If Ga really wants to address the decline look at the impacts of legalized baiting for deer. The decline coincided with that becoming legal.
What impacts have trail cams had? Not the cameras obviously, but the bait piles used to funnel game to them? It makes an easy ambush site, and with corn piles in the not humid summer months poison corn could be an issue.

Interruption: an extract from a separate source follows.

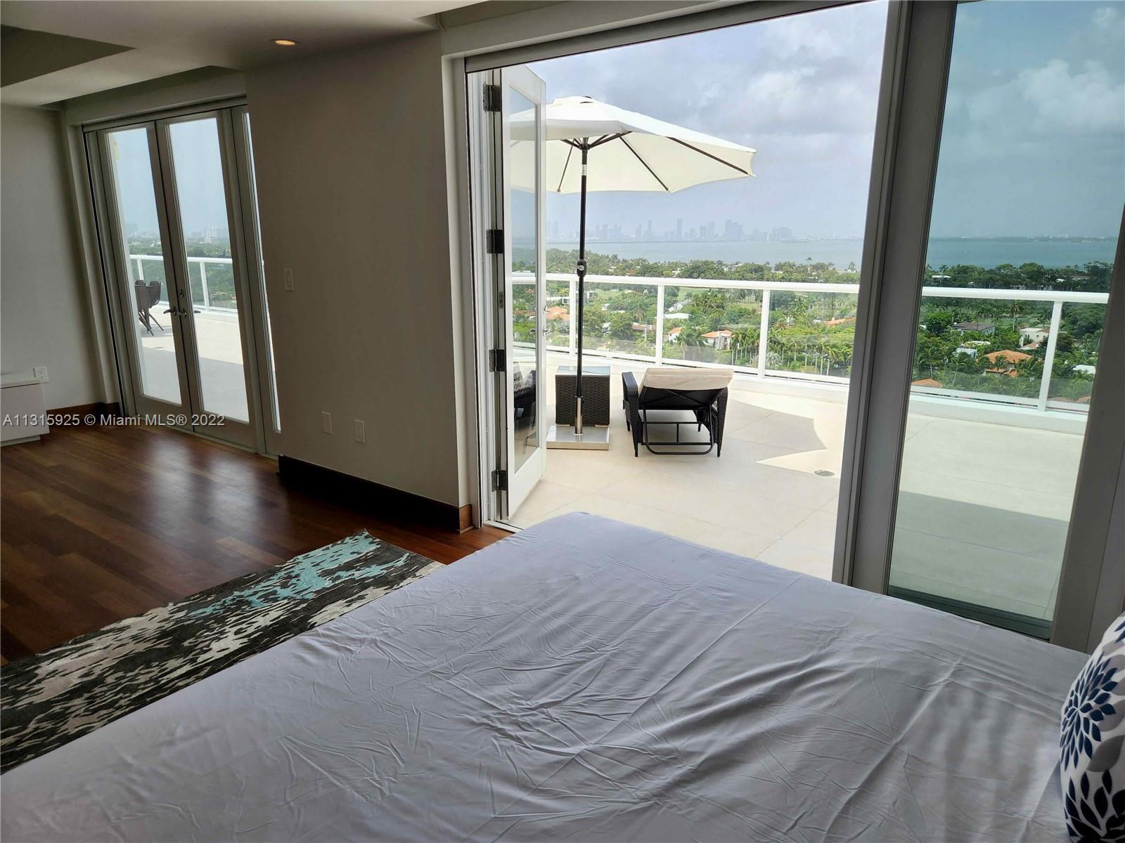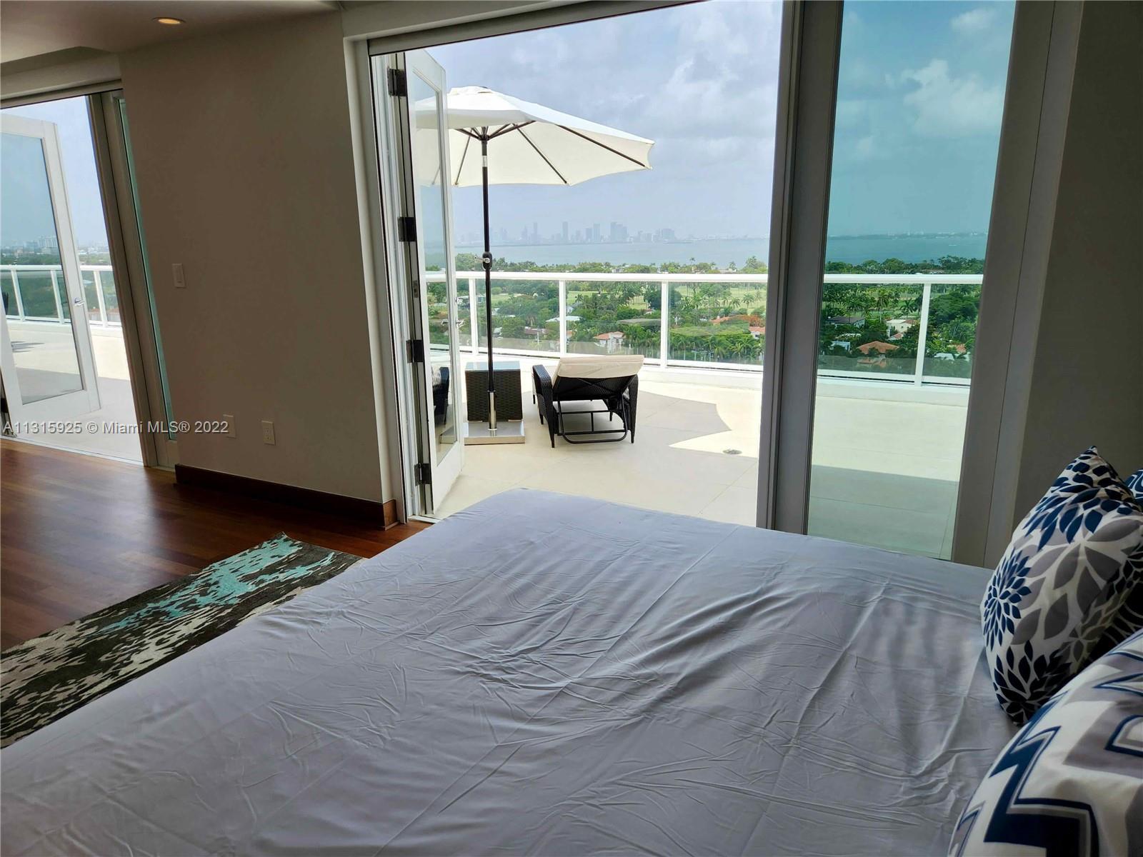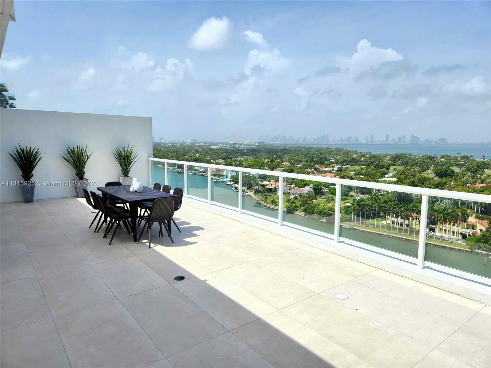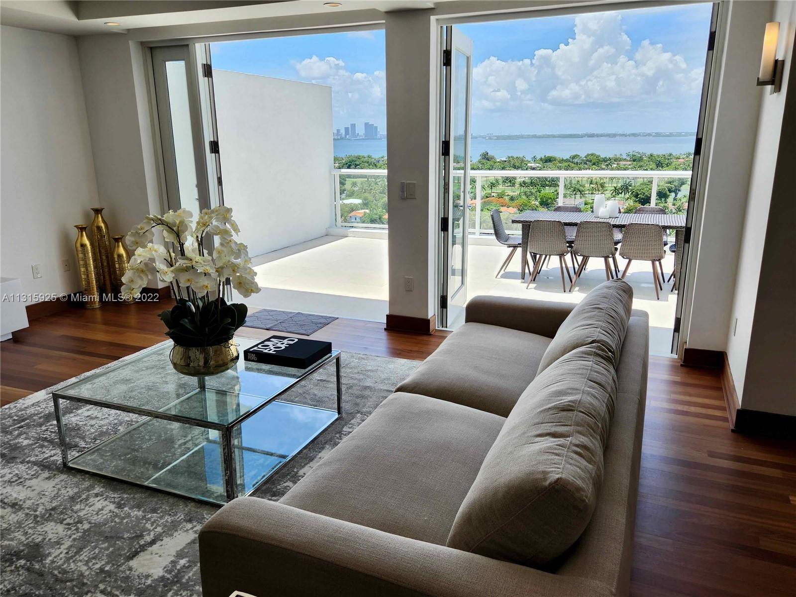 LUXURY 2 BEDROOMS, 2 FULL BATHROOMS PENTHOUSE. 1,840 SQUARE FEET UNDER AIR CONDITIONING & AN ADDITIONAL 950 SQUARE FEET OF TERRACE W/ GORGEOUS VIEWS OF THE INTRA-COASTAL, BISCAYNE BAY, LA GORCE GOLF COURSE, & DOWNTOWN MIAMI AND THE SUNSET. THIS UNIQUE PENTHOUSE INCLUDES A POOL-SIDE CABANA W/FULL BATH. THE RESIDENCE IS FULLY FURNISHED, FEATURING ITALIAN SNAIDERO CHERRY WOOD KITCHEN CABINETRY,SNAIDERO BATHROOM CABINETS AND MIELE APPLIANCES .SOLID WOOD FLOORS. MARBLE BATHROOMS. JACUZZI IN MASTER BATH.LAUNDRY ROOM. PRIVATE STORAGE ON THE APARTMENT FLOOR. PRIVATE WINE CELLAR. 2 PARKING SPACES ASSIGNED. BUILDING COMPLETELY RENOVATED WITH NEW GYM, POOL AREA, ELEVATORS, LOBBY, HEATED POOL, RESTAURANT, MASSAGE ROOM. TV/WIFI INCLUDED.BUILDING HAS PRIVATE MARINA. BOATERS DREAM.

One thing I'd love to see researched is the % of hens that go unfertilized because the dominant gobbler gets killed. In years past, before fanning/strutter decoys! many super dominant birds were virtually unkillable allowing them to breed every hen they gathered. Now those birds are the most susceptible to the fanning/decoys and I wonder what impact that has especially once dominance has been established and the subordinate birds basically hide. Those subordinates at some point won't fire back up even if the dominant bird goes down. So how many hens go unbred resulting in less recruitment?
I would also like to see the research that you state setterman with the new decoy phase.
Setterman,
I know that you are very knowledgeable blessed in wild turkeys, but I have just never seen the dominant vs subordinate gobbler thing you speak of. On more than one occasion, I have took part of, a gobbler being killed without hens and a gobbler with hens on the same day on the same property. Sometimes the one with no hens will be a big 4-5 year old with 1-1/4 spurs, and the gobbler with hens was a measly 3/4" spur two year old.
I know that they fight for dominance, and typically the ones we kill kamikaze style are two year old virgin gobblers, while the ones that stick with hens everyday are your older birds.
Not saying you don't know what your talking about, I just have yet to nail this one down. In my opinion, turkeys are crazy, and very random, and no telling what could happen at any given point of the season at any time of day.